| Required work |
The records below need to come back exactly as they are, pictures omitted.

| Data for review |
[Start of section]

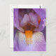 Bonita pétala de flor da íris roxa e lavanda e cartão postal personalizável. Fotografia de Susan. Clique em Personalizar para adicionar texto à parte frontal ou traseira. Se tiver perguntas ou pedidos, contacte-me. Visite o tesouro dos olhos sorridentes para ver mais flores, animais, natureza, e cartões e presentes de arte digitais para casa e escritório. Links para todas as minhas lojas estão localizados na minha página Perfil.
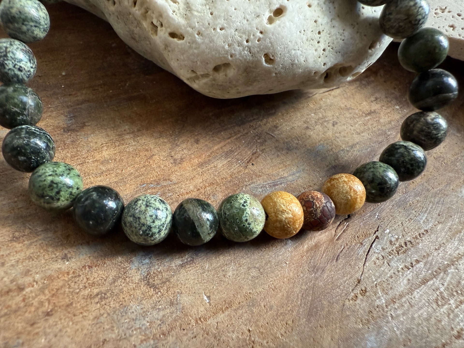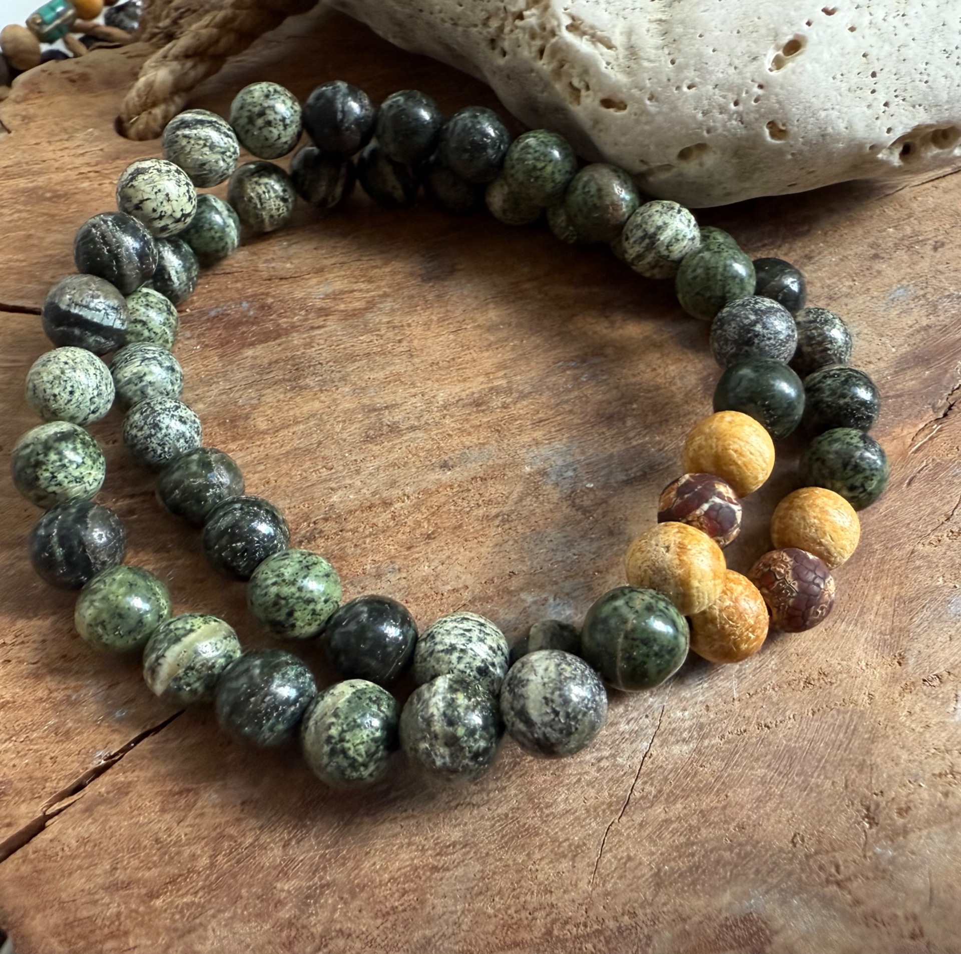 "Strážca posvätnej cesty" – pánsky náramok zo serpentinitu, Palo Santa a Dzi achátu
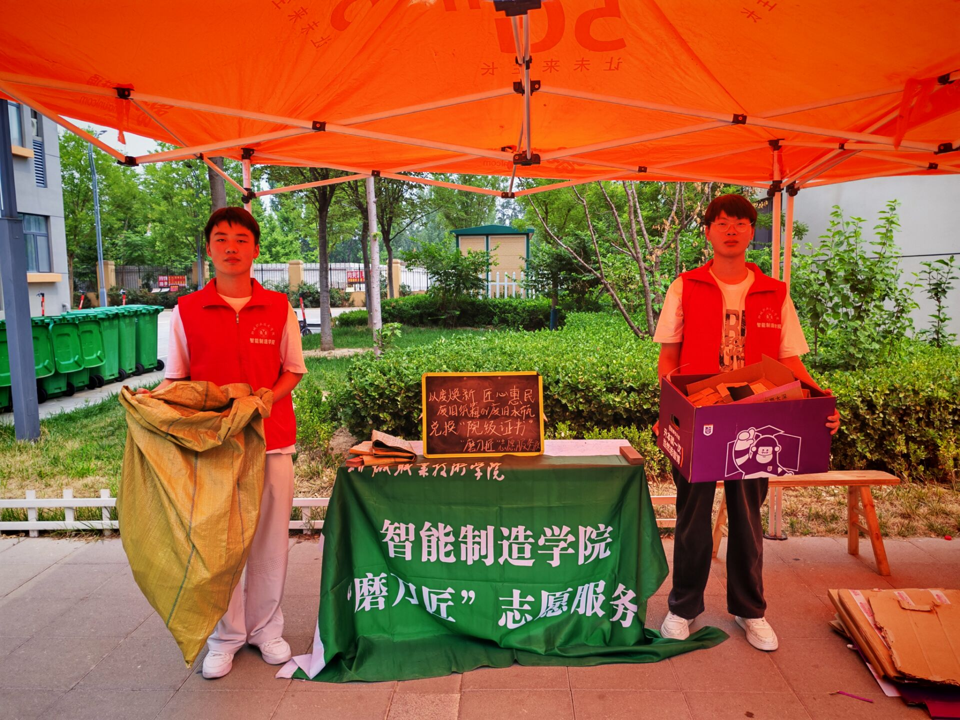 6月24日,智能制造学院启动“宿舍环保回收周”,在宿舍楼设“绿色兑换点”。学生踊跃参与,用废旧纸壳、饮料瓶兑换实用物品,以实际行动践行低碳理念。
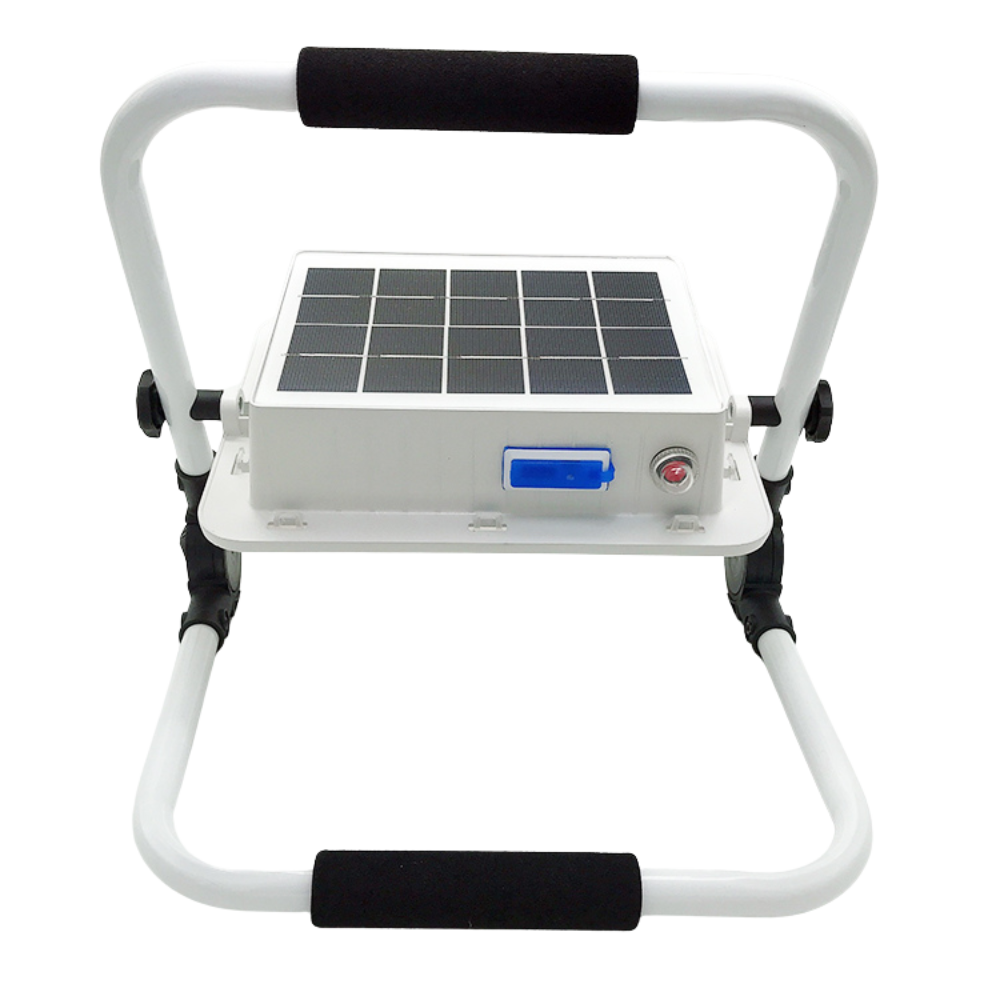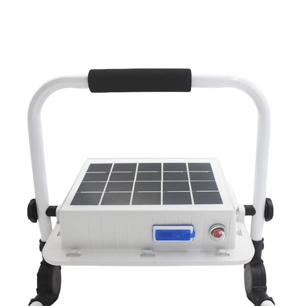 Proyector solar de 50w con batería de 3.2v/12000 mAh portátil de aluminio con mando a distancia de infrarrojos. Incluye panel solar de 6v/15V. Índice de protección IP65.
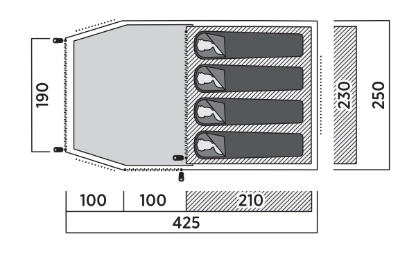Hemsedal 4 er et tunneltelt designet til maksimal komfort og bekvemmelighed. Det rummelige forrum giver plads til opbevaring, mens ventilation foran og bagpå sikrer frisk luft. SleepTight-inderteltet giver en behagelig søvn, selv om morgenen og aftenen. Med fleksible front- og sideindgange og en aftagelig bund er det ideelt til cykel- og motorcykelture, så du kan tilpasse teltet til dine behov og eventyr.
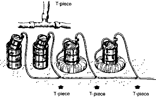 138. The drawings below show you how to connect several units to the same gas line with T- Pieces.
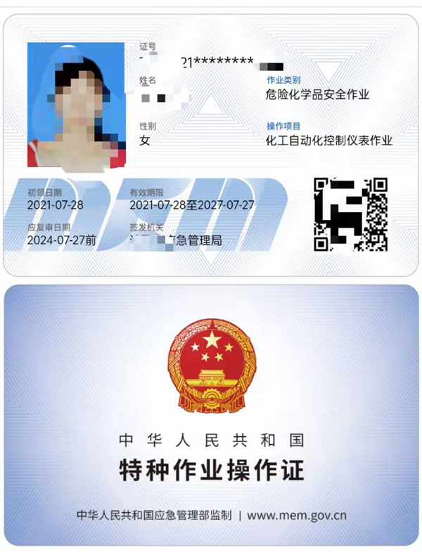化工自動(dòng)化控制儀表作業(yè)操作證;
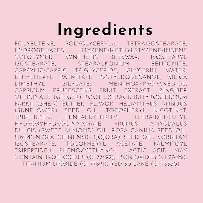 - Key Active Ingredients: Formulated with MAXI-LIP, a natural peptide complex that stimulates collagen synthesis via Hyaluronic Acid. Our gloss deeply moisturizes and firms the lips, making them appear bigger, smoother, and more defined. Enriched with Shea Butter to hydrate and soothe the lips, and Rosehip Oil to make them pillowy soft.
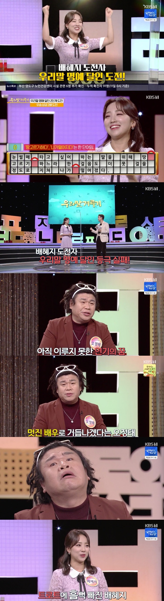 11일 오후 방송된 KBS 1TV 시사교양 프로그램 '우리말 겨루기'에는 코미디언 오정태, 기상캐스터 배혜지, 가수 구한나, 이현승을 출연해 정답을 맞히는 장면이 담겼다.
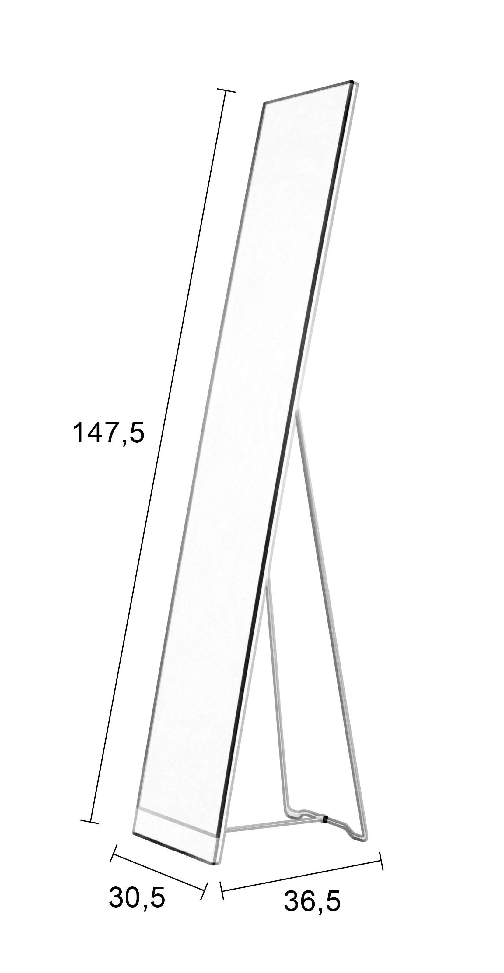 Zrkadlo Raj sa vyznačuje škandinávskym a minimalistickým štýlom a skladacím stojanom, ktorý uľahčuje nastavenie a prenášanie. Jeho moderný vzhľad sa ľahko kombinuje s každým interiérom, pričom mu dodáva eleganciu. Podlahové zrkadlo je vyrobené z 3 mm zrkadlového skla na 12 mm MDF doske, a oceľový rám s bielym práškovým nástrekom mu dodáva estetický vzhľad. Umiestnite zrkadlo tak, aby odrážalo denné svetlo, čím osvetlí a zväčší priestor vo vašom domove.
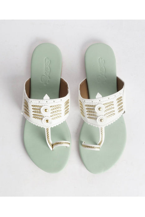Soft Faux Leather Kolhapuri Flats In Sea Green
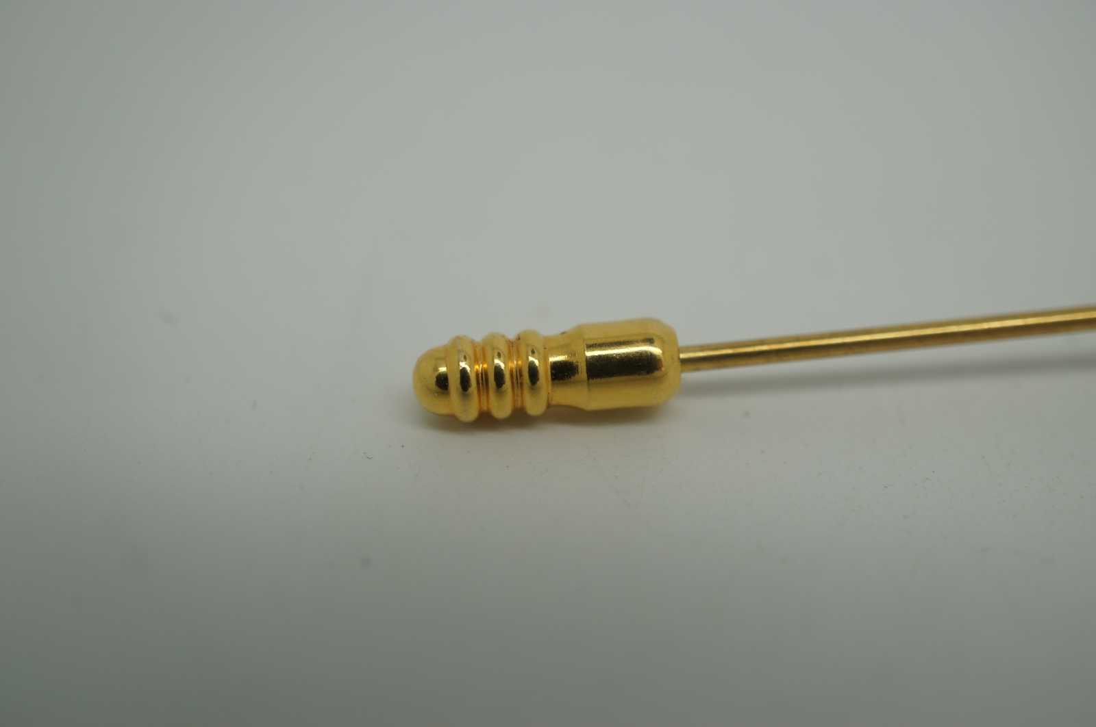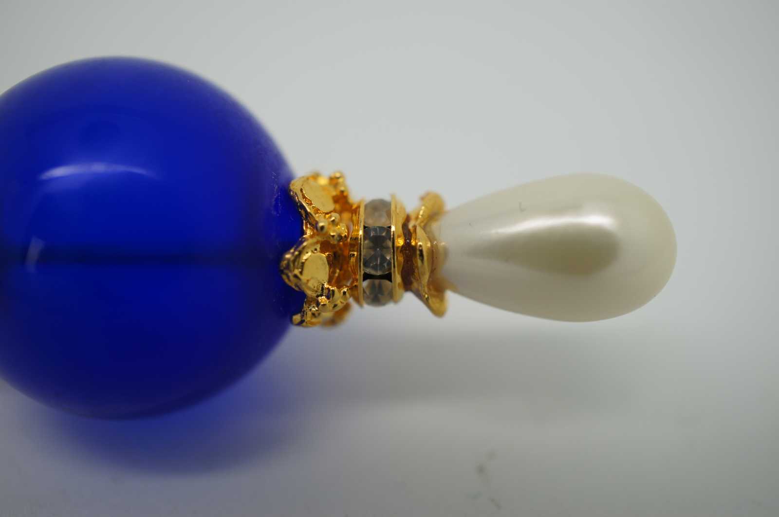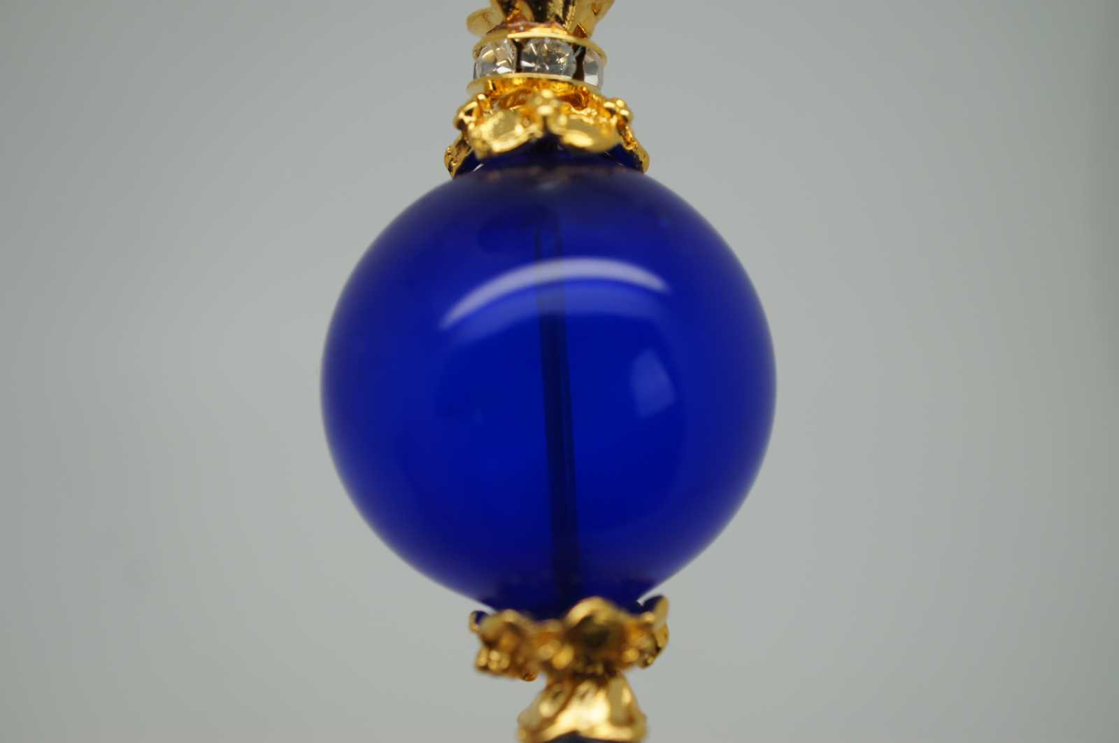 Handmade Murano, Italy glass bead hatpin with a gold tone stick, large blue glass orb above a faceted light blue bead and topped with a rhinestone ringed crown and oblong pearl.

[End of section]

| Written response |
 Bonita pétala de flor da íris roxa e lavanda e cartão postal personalizável. Fotografia de Susan. Clique em Personalizar para adicionar texto à parte frontal ou traseira. Se tiver perguntas ou pedidos, contacte-me. Visite o tesouro dos olhos sorridentes para ver mais flores, animais, natureza, e cartões e presentes de arte digitais para casa e escritório. Links para todas as minhas lojas estão localizados na minha página Perfil.
 "Strážca posvätnej cesty" – pánsky náramok zo serpentinitu, Palo Santa a Dzi achátu
 6月24日,智能制造学院启动“宿舍环保回收周”,在宿舍楼设“绿色兑换点”。学生踊跃参与,用废旧纸壳、饮料瓶兑换实用物品,以实际行动践行低碳理念。
 Proyector solar de 50w con batería de 3.2v/12000 mAh portátil de aluminio con mando a distancia de infrarrojos. Incluye panel solar de 6v/15V. Índice de protección IP65.
Hemsedal 4 er et tunneltelt designet til maksimal komfort og bekvemmelighed. Det rummelige forrum giver plads til opbevaring, mens ventilation foran og bagpå sikrer frisk luft. SleepTight-inderteltet giver en behagelig søvn, selv om morgenen og aftenen. Med fleksible front- og sideindgange og en aftagelig bund er det ideelt til cykel- og motorcykelture, så du kan tilpasse teltet til dine behov og eventyr.
 138. The drawings below show you how to connect several units to the same gas line with T- Pieces.
化工自動(dòng)化控制儀表作業(yè)操作證;
 - Key Active Ingredients: Formulated with MAXI-LIP, a natural peptide complex that stimulates collagen synthesis via Hyaluronic Acid. Our gloss deeply moisturizes and firms the lips, making them appear bigger, smoother, and more defined. Enriched with Shea Butter to hydrate and soothe the lips, and Rosehip Oil to make them pillowy soft.
 11일 오후 방송된 KBS 1TV 시사교양 프로그램 '우리말 겨루기'에는 코미디언 오정태, 기상캐스터 배혜지, 가수 구한나, 이현승을 출연해 정답을 맞히는 장면이 담겼다.
 Zrkadlo Raj sa vyznačuje škandinávskym a minimalistickým štýlom a skladacím stojanom, ktorý uľahčuje nastavenie a prenášanie. Jeho moderný vzhľad sa ľahko kombinuje s každým interiérom, pričom mu dodáva eleganciu. Podlahové zrkadlo je vyrobené z 3 mm zrkadlového skla na 12 mm MDF doske, a oceľový rám s bielym práškovým nástrekom mu dodáva estetický vzhľad. Umiestnite zrkadlo tak, aby odrážalo denné svetlo, čím osvetlí a zväčší priestor vo vašom domove.
Soft Faux Leather Kolhapuri Flats In Sea Green
 Handmade Murano, Italy glass bead hatpin with a gold tone stick, large blue glass orb above a faceted light blue bead and topped with a rhinestone ringed crown and oblong pearl.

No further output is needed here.